- Records for this task
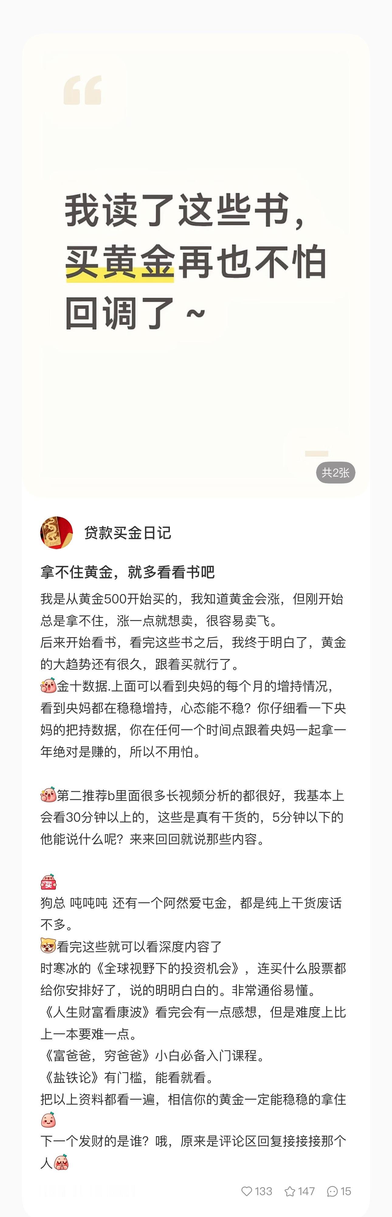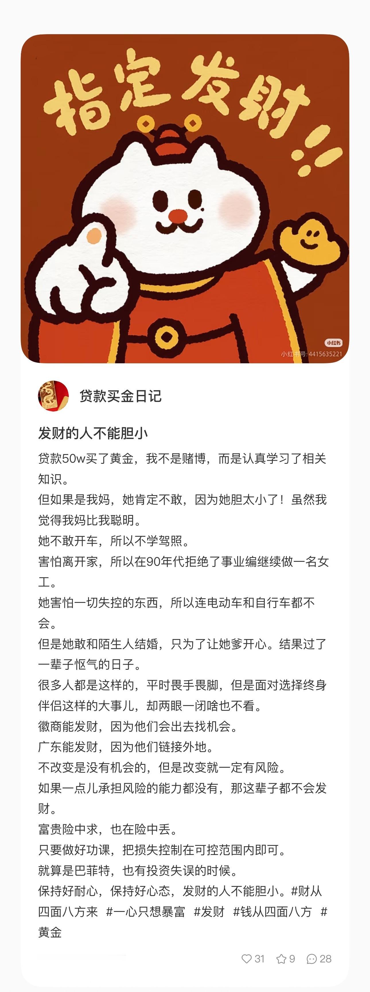 小某书上有个博主,说自己贷款50万买黄金前几天还在晒收益,但是最近已经4天没更新
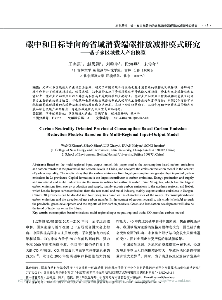 碳中和目标导向的省域消费端碳排放减排模式研究-基于多区域投入产出模型.pdf
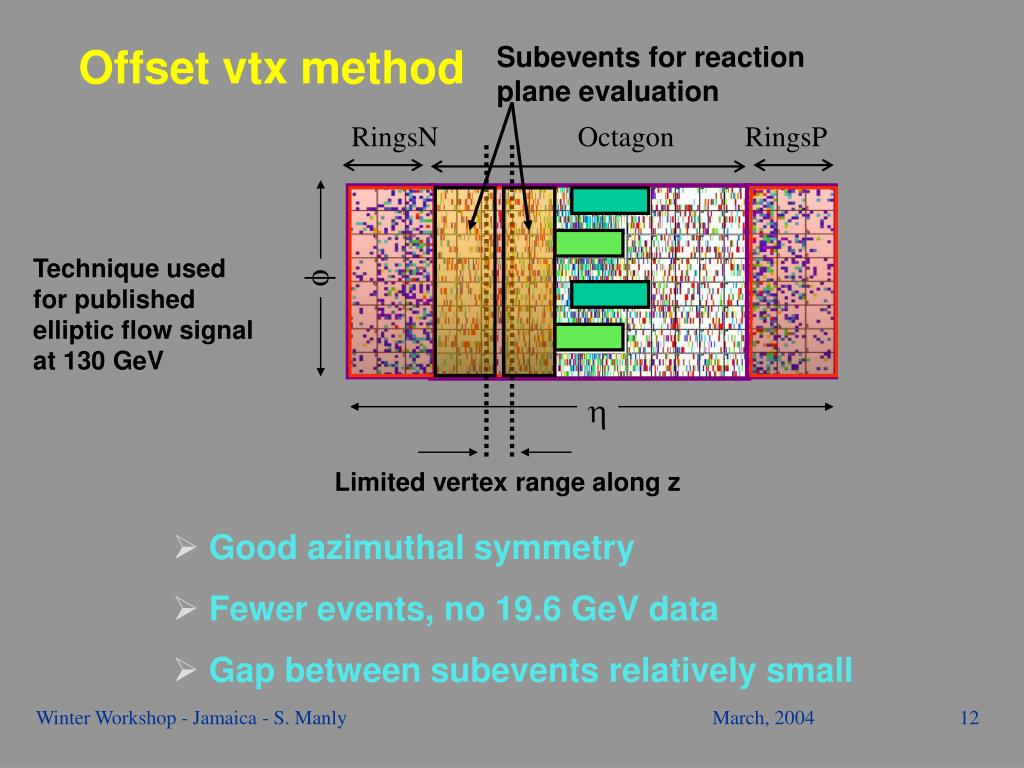 RingsN Octagon RingsP f h Limited vertex range along z Offset vtx method Subevents for reaction plane evaluation Technique used for published elliptic flow signal at 130 GeV • Good azimuthal symmetry • Fewer events, no 19.6 GeV data • Gap between subevents relatively small Winter Workshop - Jamaica - S. Manly
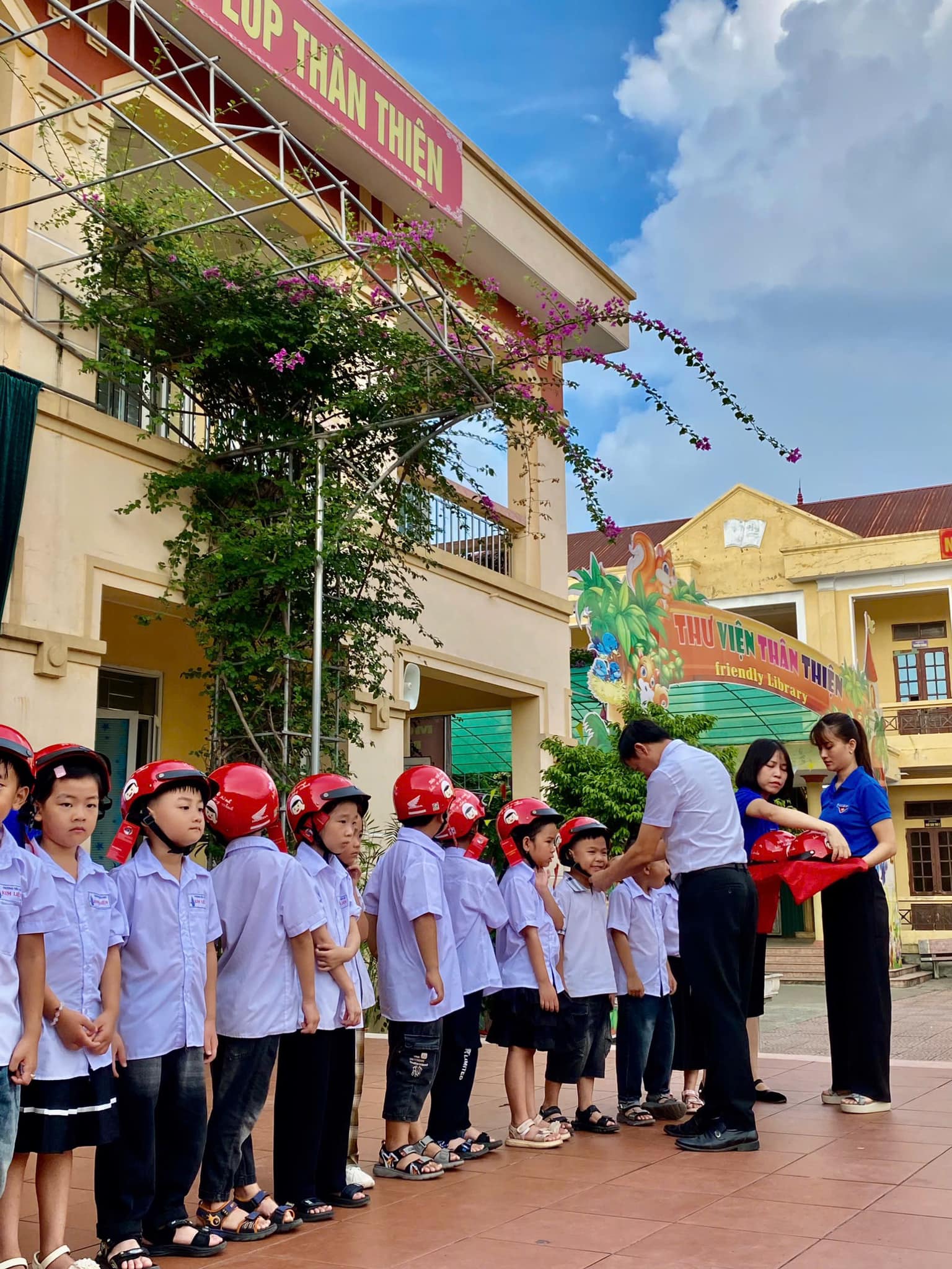 Với tinh thần xung kích – trách nhiệm – lan tỏa yêu thương, Đoàn Thanh niên nhà trường đã tích cực đồng hành cùng chương trình: hỗ trợ công tác tổ chức, hướng dẫn các em học sinh đội mũ đúng quy cách, cùng các con tham gia trò chơi tìm hiểu kiến thức về an toàn giao thông, mang đến không khí vui tươi – bổ ích – giàu ý nghĩa giáo dục. Buổi trao tặng mũ không chỉ là một hoạt động thiết thực, mà còn là bài học đầu tiên về ý thức an toàn giao thông cho các em học sinh lớp 1 – những mầm non mới chập chững bước vào ngôi trường tiểu học thân yêu.
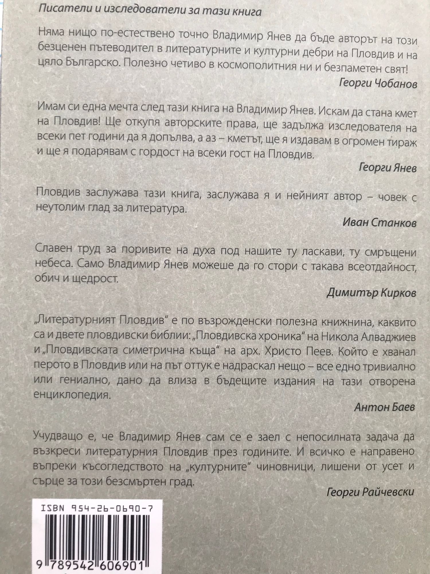 „Няма нищо по-естествено точно Владимир Янев да бъде авторът на този безценен пътеводител в литературните и културни дебри на Пловдив и на цяло Българско. Полезно четиво в космополитния ни и безпаметен свят!” Георги Чобанов „Имам си една мечта след тази книга на Владимир Янев. Искам да стана кмет на Пловдив! Ще откупя авторските права, ще задължа изследователя на всеки пет години да я допълва, а аз - кметът, ще я издавам в огромен тираж и ще я подарявам с гордост на всеки гост на Пловдив.” Георги Янев „Пловдив заслужава тази книга, заслужава я и нейният автор - човек с неутолим глад за литература.” Иван Станков „Славен труд за поривите на духа под нашите ту ласкави, ту смръщени небеса. Само Владимир Янев можеше да го стори с такава всеотдайност, обич и щедрост.” Димитър Кирков „Литературният Пловдив" е по възрожденски полезна книжнина, каквито са и двете пловдивски библии:„Пловдивска хроника" на Никола Алваджиев и „Пловдивската симетрична къща" на арх. Христо Пеев. Който е хванал перото в Пловдив или на път оттук е надраскал нещо - все едно тривиално или гениално, дано да влиза в бъдещите издания на тази отворена енциклопедия.” Антон Баев „Учудващо е, че Владимир Янев сам се е заел с непосилната задача да възкреси литературния Пловдив през годините. И всичко е направено въпреки късогледството на „културните" чиновници, лишени от усет и сърце за този безсмъртен град.” Георги Райчевски

- Requirement
Output nothing but an exact retyping of the material, pictures excluded.

- Expected answer
 小某书上有个博主,说自己贷款50万买黄金前几天还在晒收益,但是最近已经4天没更新
 碳中和目标导向的省域消费端碳排放减排模式研究-基于多区域投入产出模型.pdf
 RingsN Octagon RingsP f h Limited vertex range along z Offset vtx method Subevents for reaction plane evaluation Technique used for published elliptic flow signal at 130 GeV • Good azimuthal symmetry • Fewer events, no 19.6 GeV data • Gap between subevents relatively small Winter Workshop - Jamaica - S. Manly
 Với tinh thần xung kích – trách nhiệm – lan tỏa yêu thương, Đoàn Thanh niên nhà trường đã tích cực đồng hành cùng chương trình: hỗ trợ công tác tổ chức, hướng dẫn các em học sinh đội mũ đúng quy cách, cùng các con tham gia trò chơi tìm hiểu kiến thức về an toàn giao thông, mang đến không khí vui tươi – bổ ích – giàu ý nghĩa giáo dục. Buổi trao tặng mũ không chỉ là một hoạt động thiết thực, mà còn là bài học đầu tiên về ý thức an toàn giao thông cho các em học sinh lớp 1 – những mầm non mới chập chững bước vào ngôi trường tiểu học thân yêu.
 „Няма нищо по-естествено точно Владимир Янев да бъде авторът на този безценен пътеводител в литературните и културни дебри на Пловдив и на цяло Българско. Полезно четиво в космополитния ни и безпаметен свят!” Георги Чобанов „Имам си една мечта след тази книга на Владимир Янев. Искам да стана кмет на Пловдив! Ще откупя авторските права, ще задължа изследователя на всеки пет години да я допълва, а аз - кметът, ще я издавам в огромен тираж и ще я подарявам с гордост на всеки гост на Пловдив.” Георги Янев „Пловдив заслужава тази книга, заслужава я и нейният автор - човек с неутолим глад за литература.” Иван Станков „Славен труд за поривите на духа под нашите ту ласкави, ту смръщени небеса. Само Владимир Янев можеше да го стори с такава всеотдайност, обич и щедрост.” Димитър Кирков „Литературният Пловдив" е по възрожденски полезна книжнина, каквито са и двете пловдивски библии:„Пловдивска хроника" на Никола Алваджиев и „Пловдивската симетрична къща" на арх. Христо Пеев. Който е хванал перото в Пловдив или на път оттук е надраскал нещо - все едно тривиално или гениално, дано да влиза в бъдещите издания на тази отворена енциклопедия.” Антон Баев „Учудващо е, че Владимир Янев сам се е заел с непосилната задача да възкреси литературния Пловдив през годините. И всичко е направено въпреки късогледството на „културните" чиновници, лишени от усет и сърце за този безсмъртен град.” Георги Райчевски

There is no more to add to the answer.